BRASÍLIA - A postura do presidente da Câmara dos Deputados, Hugo Motta (Republicanos-PB), causou um grau de surpresa ao governo do presidente Luiz Inácio Lula da Silva (PT), mas não a integrantes do Centrão, que observam a repetição do comportamento de outros nomes que comandaram a chamada “Casa do Povo”.
Foi Motta um dos principais articuladores de uma derrota histórica de Lula neste terceiro mandato do petista: a derrubada, pelo Congresso Nacional, do aumento do Imposto sobre Operações Financeiras (IOF) para inflar a arrecadação em R$ 20 bilhões neste ano e cumprir a meta fiscal.

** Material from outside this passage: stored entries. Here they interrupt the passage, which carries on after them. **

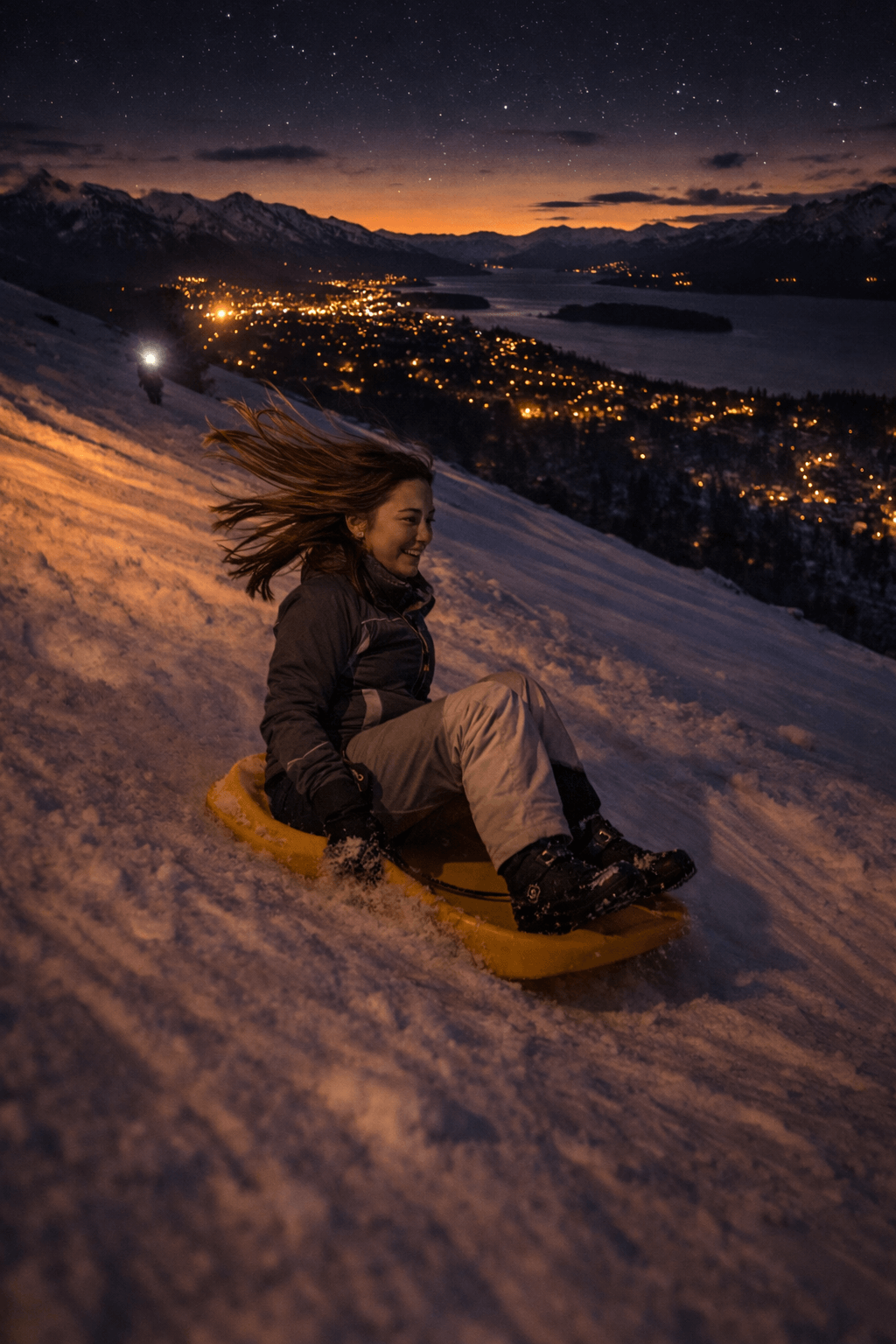 As the vehicle ascends, the landscape is transformed and the city begins to light up in the distance, generating unique panoramic views under the starry sky.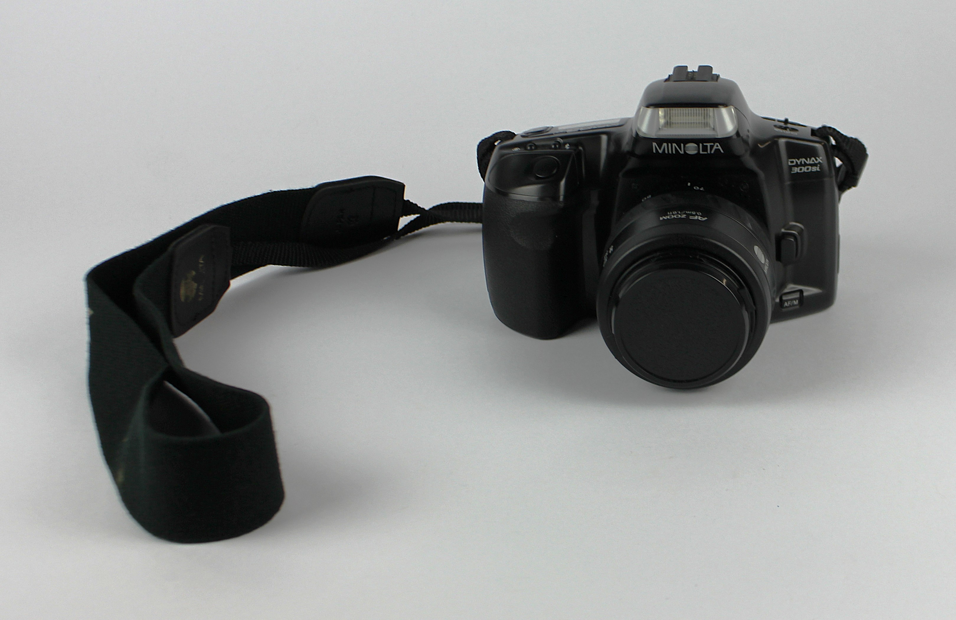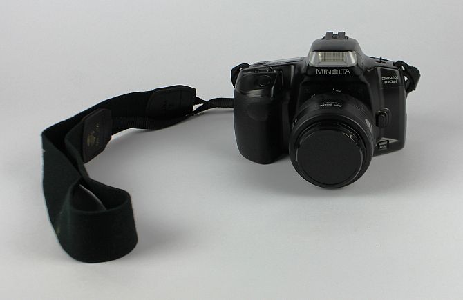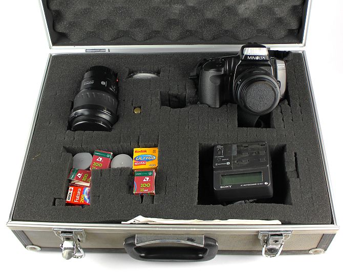 A Minolta Dynax 300si camera with a zoom xi AF 35-200 lens 0.5-1m/1.6-3.3ft, a zoom AF 35-70 0.5m/1.6ft lens, a Sony adapter and various film, in a hard briefcase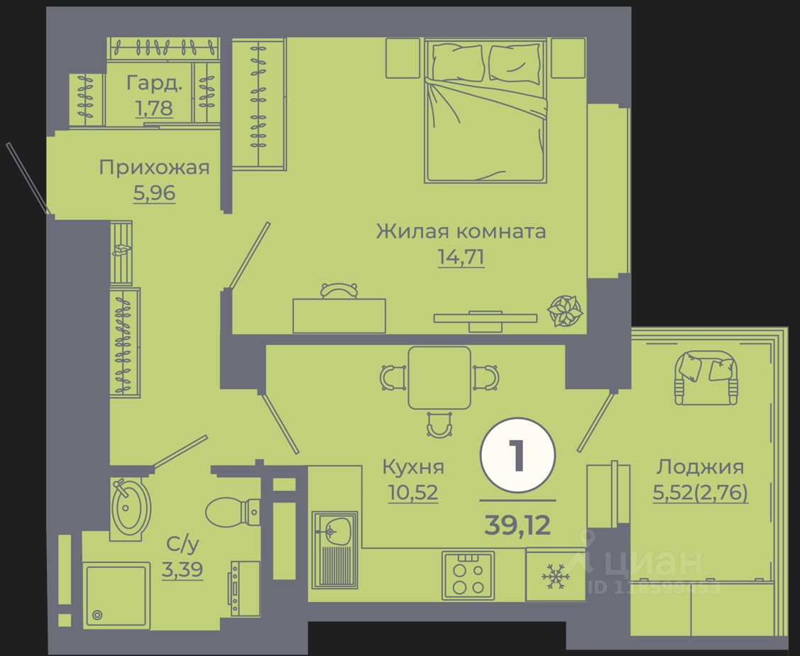 Общая площадь39,08 м²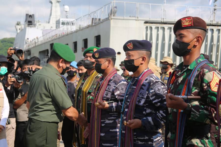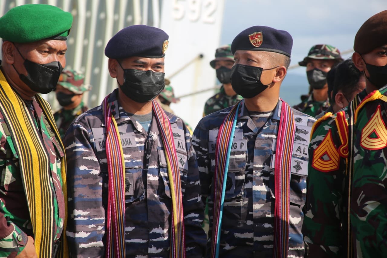 Panglima Komando Lintas Laut Militer Laksda TNI Erwin S. Aldedharma yang menerima laporan posisi kedua KRI yang sedang melaksanakan dukungan angkutan laut Satgas Latsitarda Nusantara XLII tahun 2022 mengucapkan syukur kepada Allah SWT bahwasanya KRI telah tiba dengan selamat di tempat tujuan.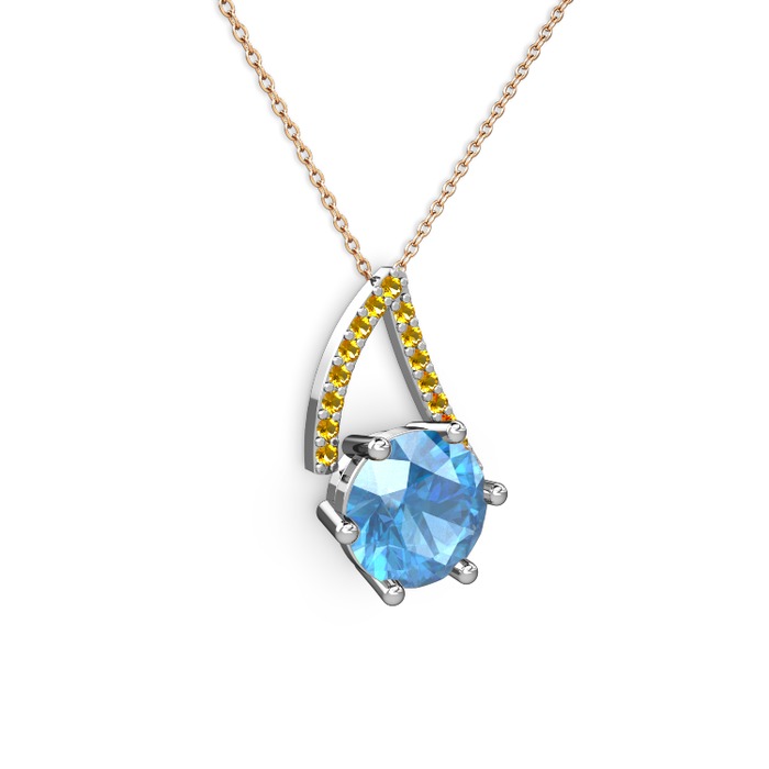 Akuamarin ve sitrin 18 ayar beyaz altın kolye (40 cm gümüş rolo zincir)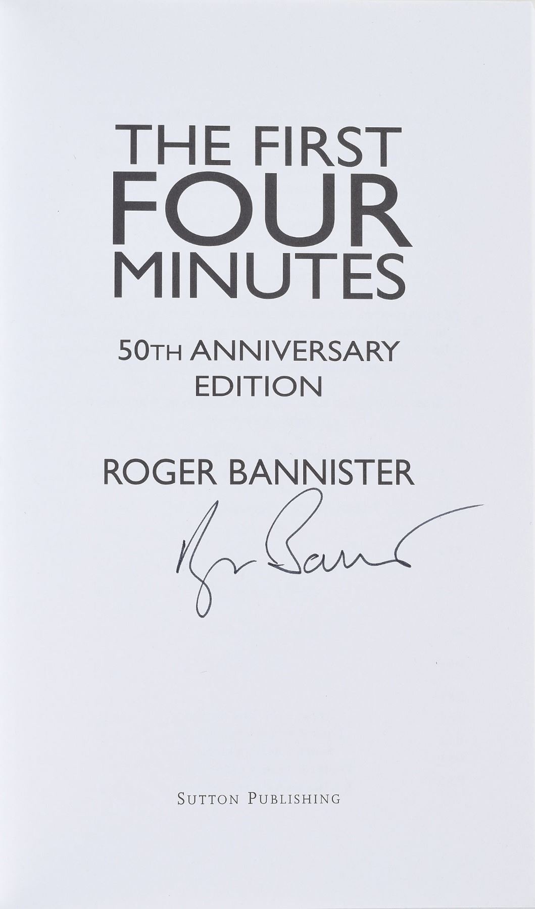 Signed book: The First Four Minutes. 50th anniversary edition. England: Sutton, 2004. Hardcover with dust jacket, 5.5 x 8.75, 244 pages. Signed on the title page in black ink by Bannister. In fine condition.

A pauta, no fim, foi judicializada. A Advocacia-Geral da União (AGU) acionou o Supremo Tribunal Federal (STF), que suspendeu as decisões e chamou uma audiência da conciliação que colocará os envolvidos frente a frente em busca de um acordo – medida que deu tanto a Motta, quanto ao Palácio do Planalto a sensação de vitória momentânea.
Integrantes do Centrão veem em Motta retomar uma conduta semelhante à de Arthur Lira (PP-AL), seu antecessor, e principalmente de Eduardo Cunha, que foi presidente da Câmara dos Deputados entre fevereiro de 2015 e julho de 2016. Isso, por defender interesses do próprio grupo político em que está inserido.
Motta, inclusive, estava em seu primeiro mandato e fez parte da “tropa de choque” de Cunha na época de poder do ex-presidente da Câmara. Dez anos depois, ainda não se descolou da ligação que teve com Cunha.
Nos bastidores, a avaliação é que, no fim, Motta usou o IOF para alavancar o debate sobre a reforma administrativa, pauta polêmica e que está longe de ter consenso, mas que quer tornar a bandeira de sua gestão.
O presidente da Câmara pregou o discurso de que o país precisa de reformas estruturais que gerem impacto fiscal, e criou um grupo de trabalho para propor um texto que será debatido no Congresso Nacional. A reforma administrativa, que reestrutura o funcionalismo público, foi proposta pelo governo do ex-presidente Jair Bolsonaro (PL) em 2020, mas não avançou.
O governo Lula esperava uma relação mais pacificada com Motta, especialmente pela relação que o presidente da Câmara tem com a ministra da Secretaria de Relações Institucionais, Gleisi Hoffmann. Mas, no fim, saiu acusando uma quebra de acordo de Motta na disputa pelo IOF, já que o ministro da Fazenda, Fernando Haddad, tentou negociar um pacote alternativo antes da derrubada do decreto.
Pesa nesse cenário a aproximação das eleições de 2026. O Centrão tem histórico de se alinhar com quem estiver em melhor posição política, e Motta é do Republicanos, partido que tenta posicionar o governador de São Paulo, Tarcísio Freitas, como possível candidato da direita pela ausência de Bolsonaro, inelegível por decisão da Justiça.
Se Motta subir no palanque de um candidato presidencial da direita (como fez Arthur Lira em 2022 com Bolsonaro), deve aumentar o clima de tensão com o governo Lula, que atua no campo político oposto. Se isso acontecer, porém, será somente a partir do início da campanha, em agosto de 2026.
Deve ter impacto nessa costura a popularidade de Lula, que enfrenta queda. A situação gerou uma crise no ano pré-eleitoral, com o PT alimentando campanhas para tentar retomar competitividade. Pesa, ainda, a falta de possíveis candidatos da esquerda além de Lula, enquanto a direita soma nomes com viabilidade eleitoral, ainda que venham a dividir votos.